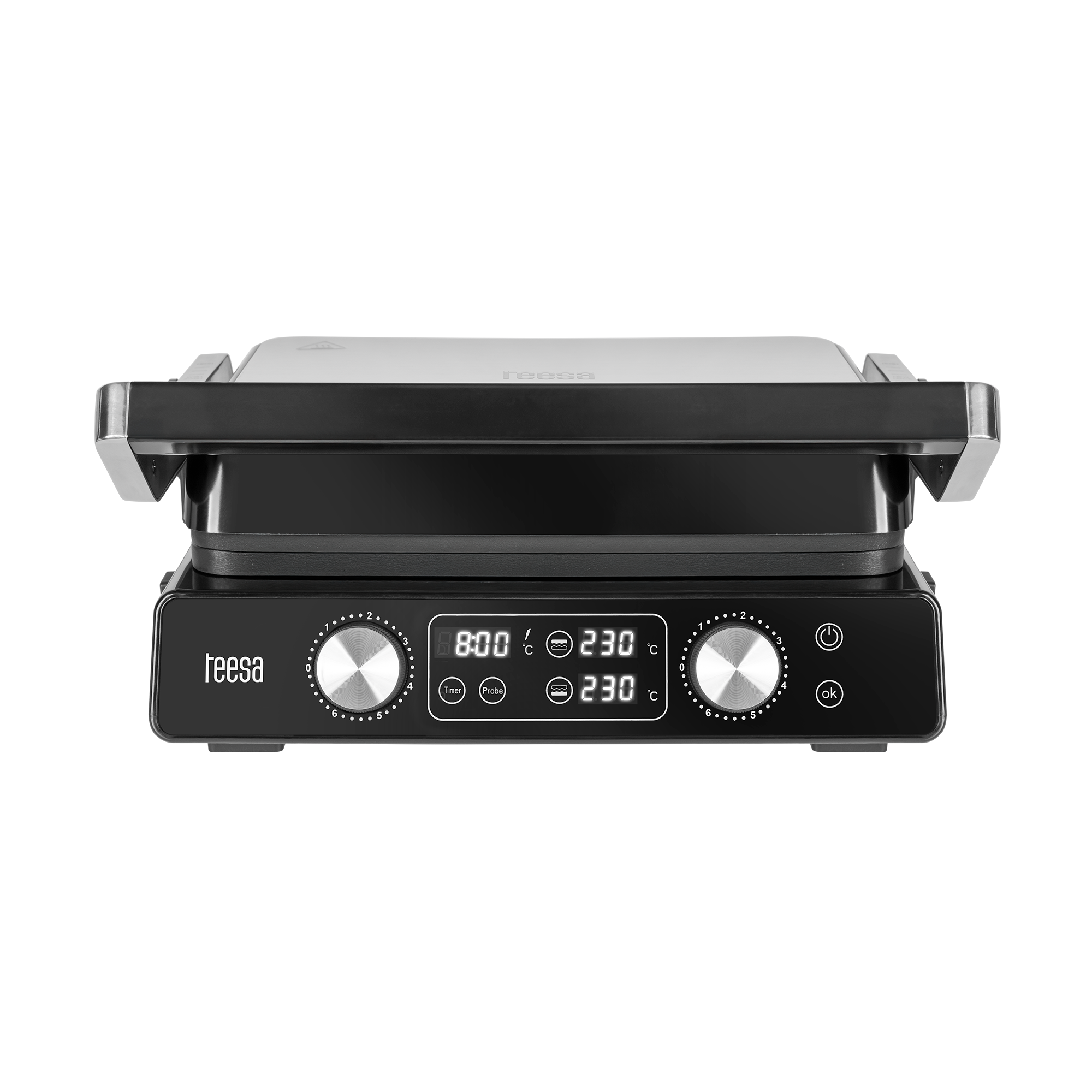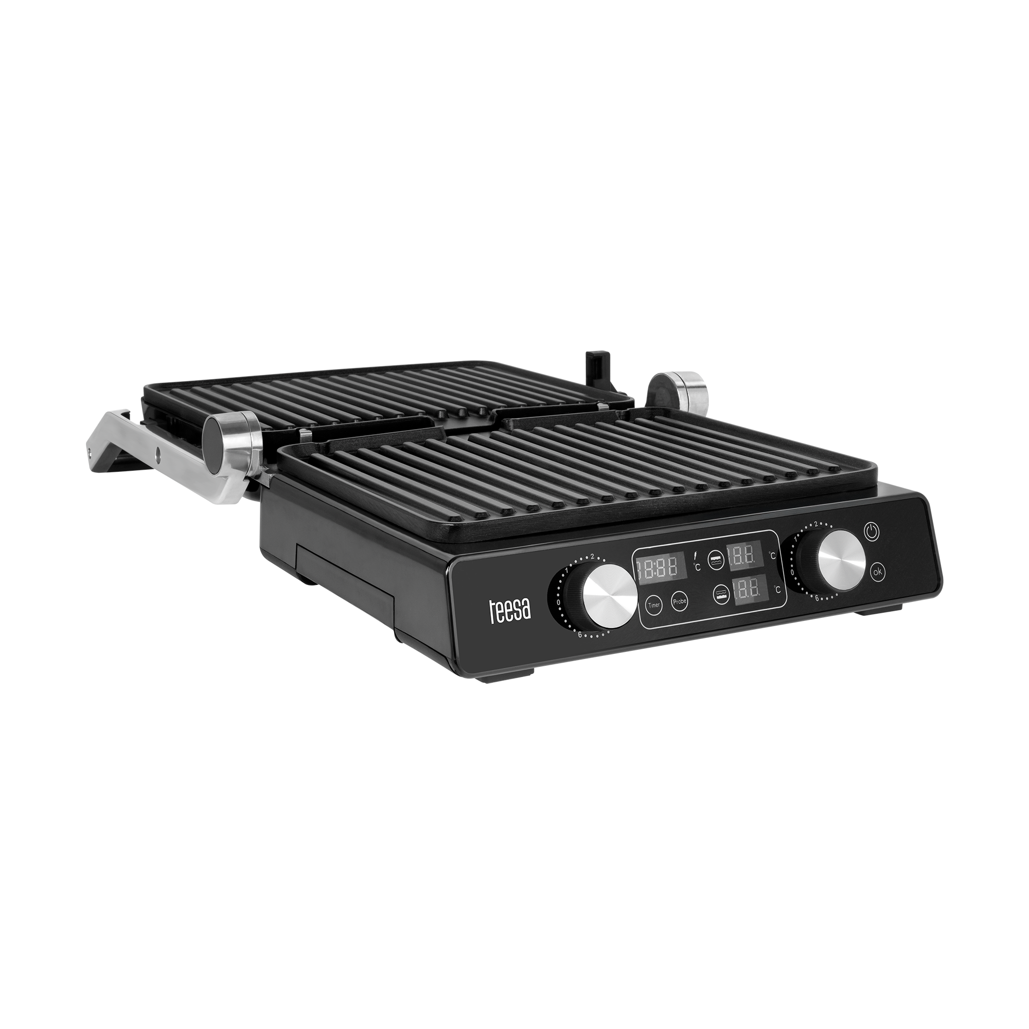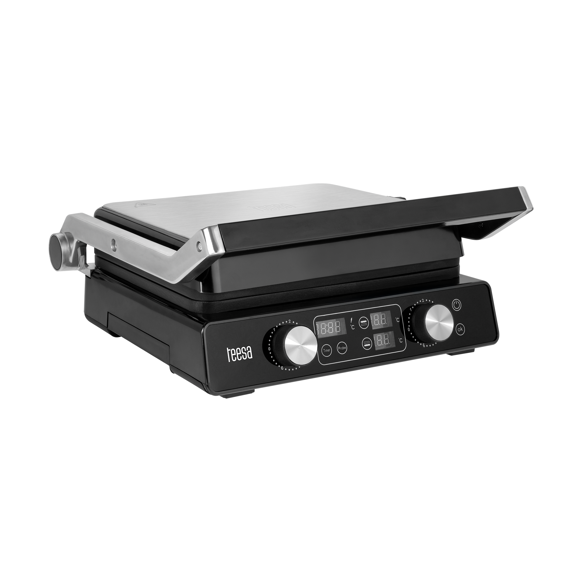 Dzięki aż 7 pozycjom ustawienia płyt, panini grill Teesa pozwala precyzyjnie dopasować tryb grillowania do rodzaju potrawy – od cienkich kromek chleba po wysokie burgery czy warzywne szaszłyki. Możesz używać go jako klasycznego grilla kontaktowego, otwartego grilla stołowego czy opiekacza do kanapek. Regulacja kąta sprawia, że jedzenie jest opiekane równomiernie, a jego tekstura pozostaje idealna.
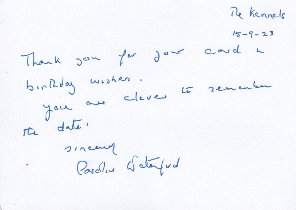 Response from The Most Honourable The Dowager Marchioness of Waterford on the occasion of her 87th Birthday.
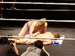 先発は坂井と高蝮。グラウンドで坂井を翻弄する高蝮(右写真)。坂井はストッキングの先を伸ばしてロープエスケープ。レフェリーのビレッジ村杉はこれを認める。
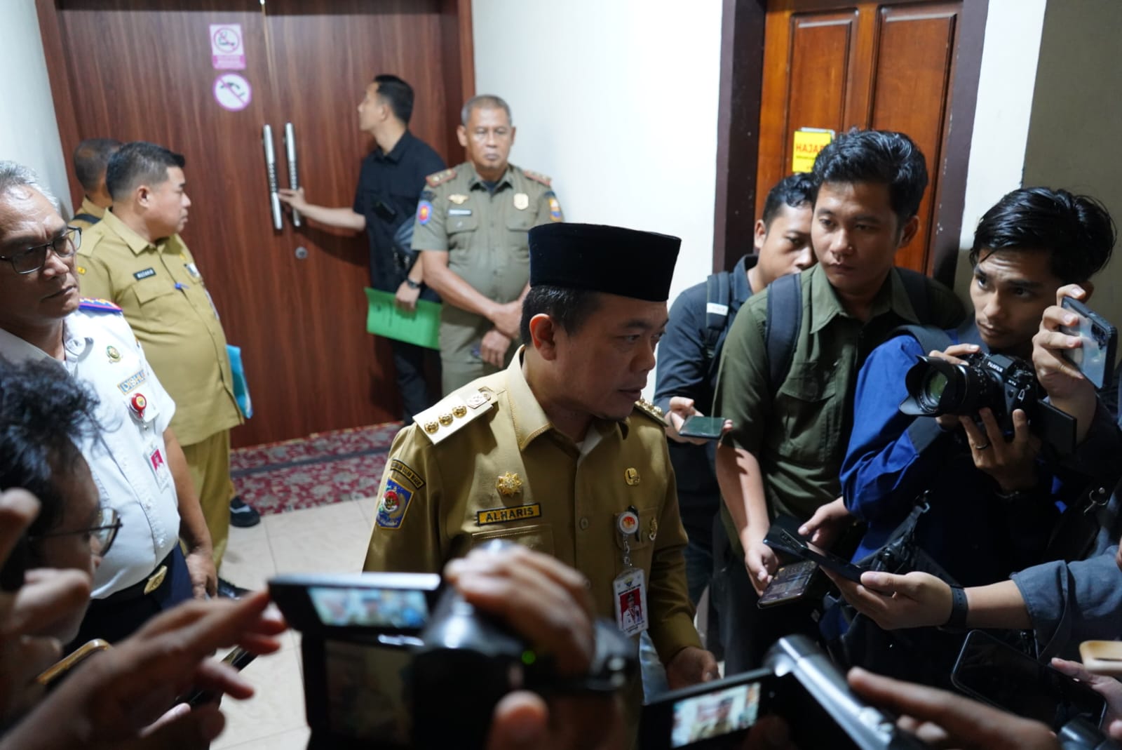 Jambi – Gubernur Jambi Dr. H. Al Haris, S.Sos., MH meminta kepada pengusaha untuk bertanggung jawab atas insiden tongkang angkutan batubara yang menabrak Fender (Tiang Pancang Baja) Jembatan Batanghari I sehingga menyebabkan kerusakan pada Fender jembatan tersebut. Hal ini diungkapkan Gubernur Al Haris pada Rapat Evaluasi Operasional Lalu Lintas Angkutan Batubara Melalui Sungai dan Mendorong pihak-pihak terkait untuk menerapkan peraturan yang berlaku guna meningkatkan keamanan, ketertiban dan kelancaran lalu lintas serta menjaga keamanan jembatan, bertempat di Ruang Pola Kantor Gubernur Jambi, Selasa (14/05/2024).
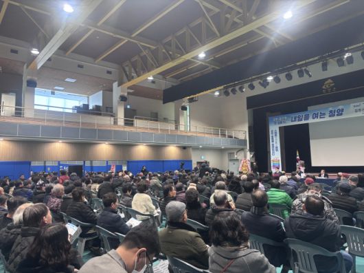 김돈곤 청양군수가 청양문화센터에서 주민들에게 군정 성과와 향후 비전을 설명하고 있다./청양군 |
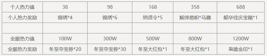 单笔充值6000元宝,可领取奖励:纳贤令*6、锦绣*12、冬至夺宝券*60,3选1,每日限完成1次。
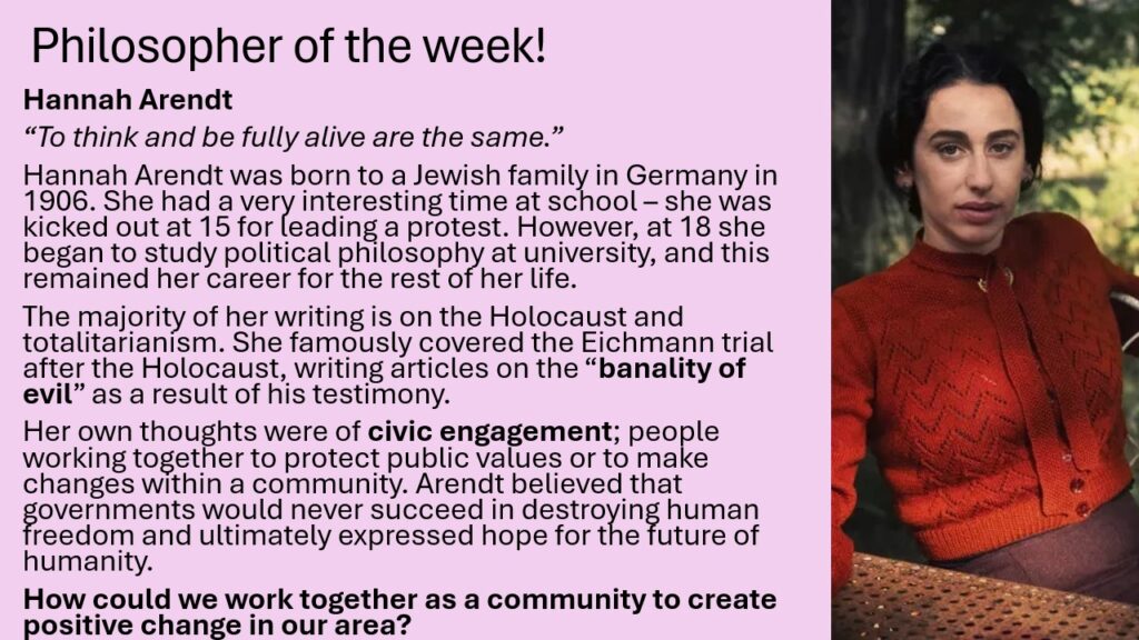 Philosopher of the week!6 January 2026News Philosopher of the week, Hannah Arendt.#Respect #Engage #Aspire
================================
● Instructions to follow
Without the pictures, write out all of the material exactly.

● Solution below
 Dzięki aż 7 pozycjom ustawienia płyt, panini grill Teesa pozwala precyzyjnie dopasować tryb grillowania do rodzaju potrawy – od cienkich kromek chleba po wysokie burgery czy warzywne szaszłyki. Możesz używać go jako klasycznego grilla kontaktowego, otwartego grilla stołowego czy opiekacza do kanapek. Regulacja kąta sprawia, że jedzenie jest opiekane równomiernie, a jego tekstura pozostaje idealna.
 Response from The Most Honourable The Dowager Marchioness of Waterford on the occasion of her 87th Birthday.
 先発は坂井と高蝮。グラウンドで坂井を翻弄する高蝮(右写真)。坂井はストッキングの先を伸ばしてロープエスケープ。レフェリーのビレッジ村杉はこれを認める。
 Jambi – Gubernur Jambi Dr. H. Al Haris, S.Sos., MH meminta kepada pengusaha untuk bertanggung jawab atas insiden tongkang angkutan batubara yang menabrak Fender (Tiang Pancang Baja) Jembatan Batanghari I sehingga menyebabkan kerusakan pada Fender jembatan tersebut. Hal ini diungkapkan Gubernur Al Haris pada Rapat Evaluasi Operasional Lalu Lintas Angkutan Batubara Melalui Sungai dan Mendorong pihak-pihak terkait untuk menerapkan peraturan yang berlaku guna meningkatkan keamanan, ketertiban dan kelancaran lalu lintas serta menjaga keamanan jembatan, bertempat di Ruang Pola Kantor Gubernur Jambi, Selasa (14/05/2024).
 김돈곤 청양군수가 청양문화센터에서 주민들에게 군정 성과와 향후 비전을 설명하고 있다./청양군 |
 单笔充值6000元宝,可领取奖励:纳贤令*6、锦绣*12、冬至夺宝券*60,3选1,每日限完成1次。
 Philosopher of the week!6 January 2026News Philosopher of the week, Hannah Arendt.#Respect #Engage #Aspire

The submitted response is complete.